LIFE OF CONTRASTS Sticking to traditions while doing modern, innovative designs is a symptomatic process of the entire way, Amélie has arranged her life: Full of contrasts. “I like traditions, and I like innovation. So in my collection, I try to merge them,” Amélie describes.

Amélie has lived in the same street in Paris all the time, she has been here.
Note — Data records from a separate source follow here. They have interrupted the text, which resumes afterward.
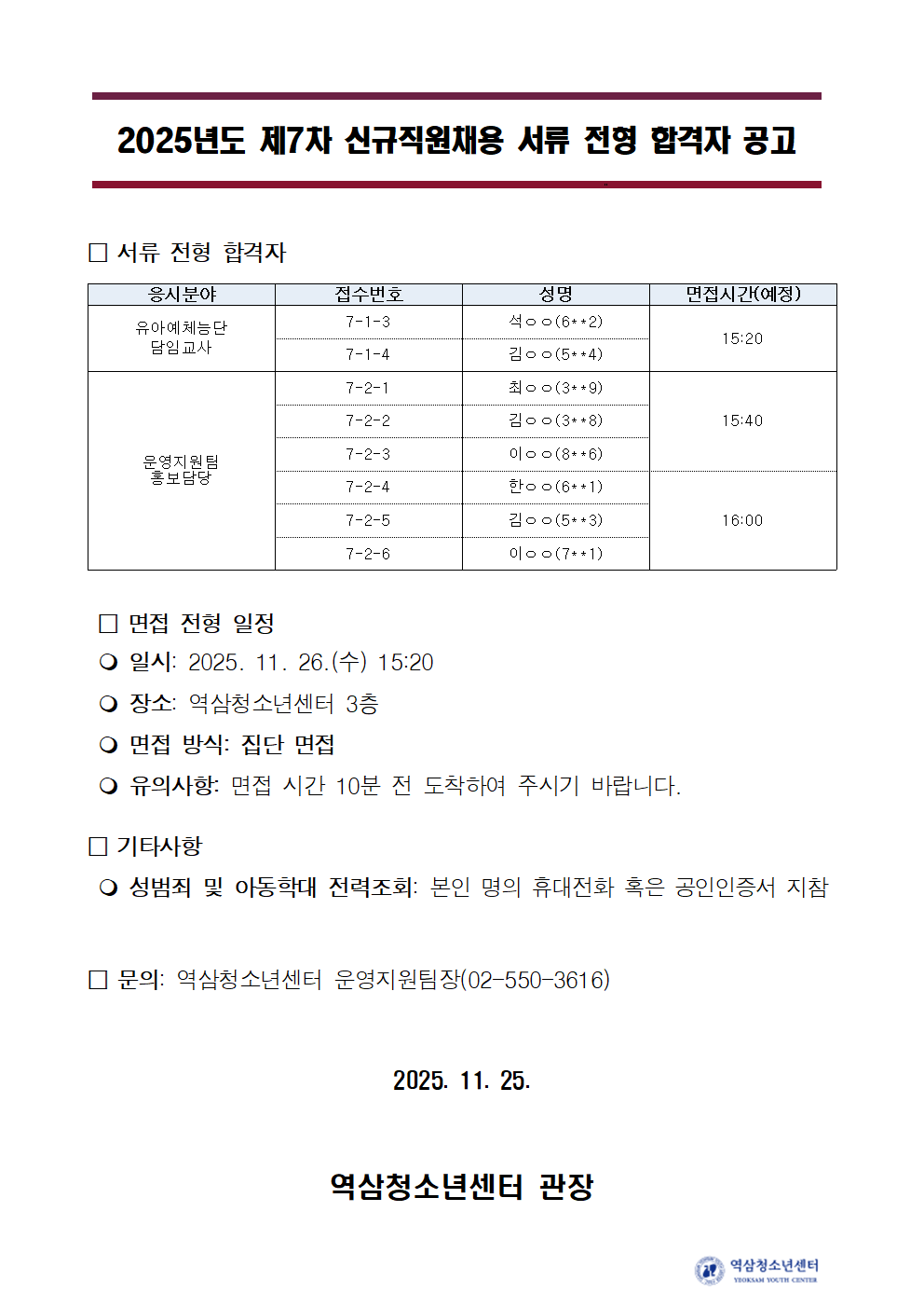 2025년 제7차 신규직원 채용 서류 전형 합격자 공고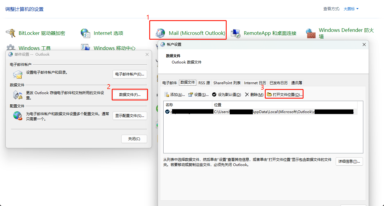 - 打开“控制面板”>> “Mail”>>“打开文件夹位置”
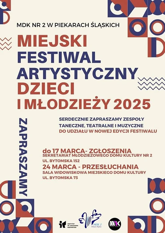 Młodzieżowy Dom Kultury nr 2 w Piekarach Śląskich, we współpracy z Instytutem im. Wojciecha Korfantego oraz Miejskim Domem Kultury, zaprasza do udziału w Miejskim Festiwalu Artystycznym Dzieci i Młodzieży. Celem festiwalu jest prezentacja dorobku artystycznego przedszkoli, szkół i placówek oświatowo-wychowawczych w zakresie wychowania artystycznego. Festiwal stanowi doskonałą okazję do wymiany doświadczeń oraz wytyczenia dalszych perspektyw dla rozwoju amatorskiego ruchu artystycznego.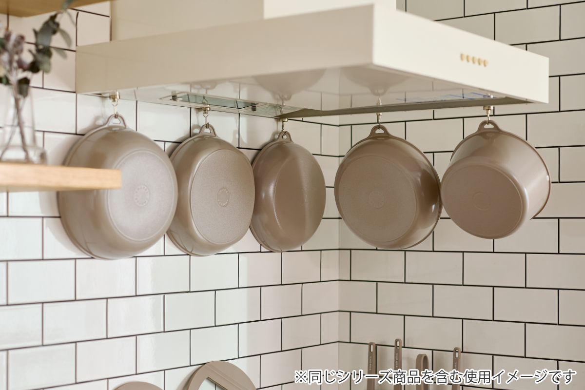 そのまま食卓へ、食洗機へ。フライパンや鍋をそのまま掛けたり、蓋をしたり。ツールやミトンもそのままくっつけて使えるなど、『そのまま○○できる』をコンセプトに開発されたシリーズです。日常の動作がよりスムーズで心地よくなるよう設計されています。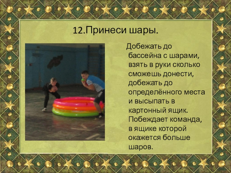 12.Принеси шары.  Добежать до бассейна с шарами, взять в руки сколько сможешь донести, добежать до определённого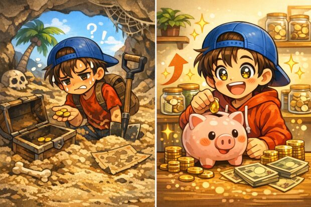 難しいことを考えて悩むよりも、「毎月コツコツ、貯金箱にお金を入れること」を続けるほうが、実はずーっと効率的にお金が溜まっていくんだよ。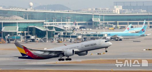 [인천공항=뉴시스] 추상철 기자 = 12일 오전 인천국제공항에서 아시아나항공 여객기가 2터미널을 지나 날아 오르고 있다. 아시아나항공은 오는 14일부터 기존 인천국제공항 1터미널에서 2터미널로 운항이 변경된다. 2026.01.12. scchoo@newsis.com |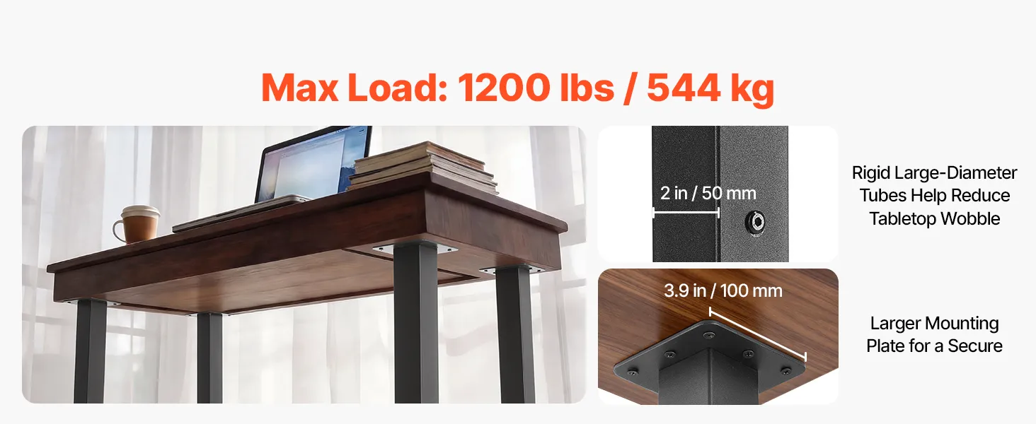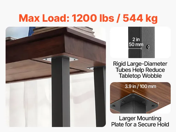 Exceptional Load Capacity: Designed to support up to 1200 lbs / 544 kg, these table legs provide reliable strength for heavy tabletops or large storage builds, helping keep your table stable and maintain its shape over time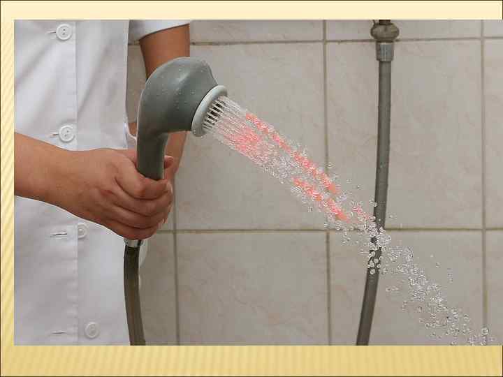 Процедуры водолечения включают душ, ванны, некоторые виды влажных компрессов, кишечные промывания, а также купания, обливания, обтирания, укутывания и др.
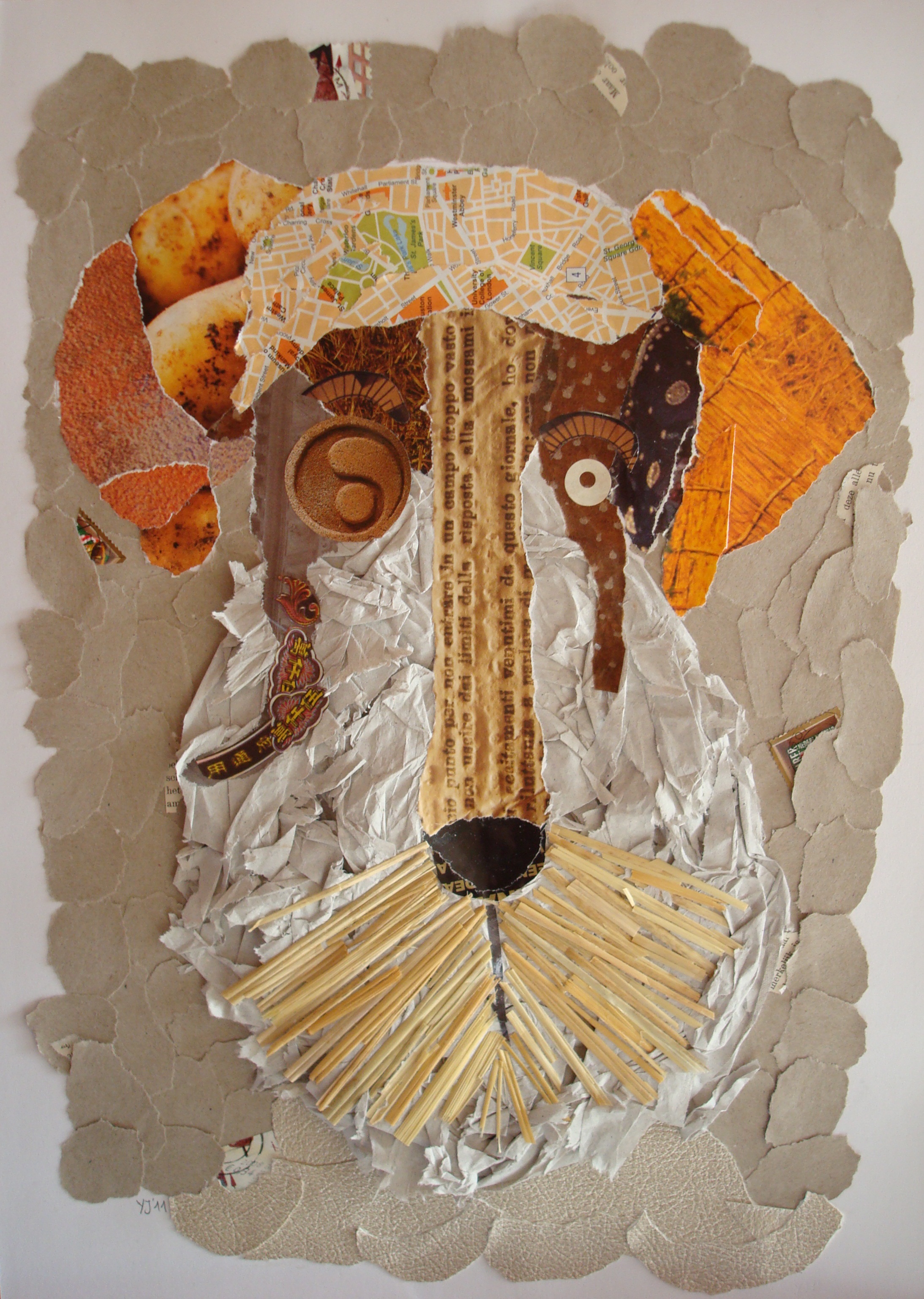 Straathond. collage, papier

But a life of contrasts is not just visible when it comes to her work; nothing is exactly as it seems, and although she plays with the clichés, she indeed is no stereotype Parisienne. She’s a star of the fashion world, yet hates the industry and never goes shopping. She lives in the centre of one of the most exciting cities of the world, yet rarely goes out on weekends. She is innovative but loves tradition and succeeds in the surprising connection of French elegance and humour, more often than not on the black side. “Less is more. But too much is cool.” The architect of my shop, Marion Mailaender, told me that one day,” Amélie says about the way the brand balances style and expression. “Everything is always in contrast. I know it’s the best cliché, but I like to see a woman from the man’s perspective. I work a lot with femininity, modernity, clichés, and humour,” she says about her artistic vision with her brand, and laughingly states: “It looks like a company with naked girls, but there’s a lot to understand behind it.”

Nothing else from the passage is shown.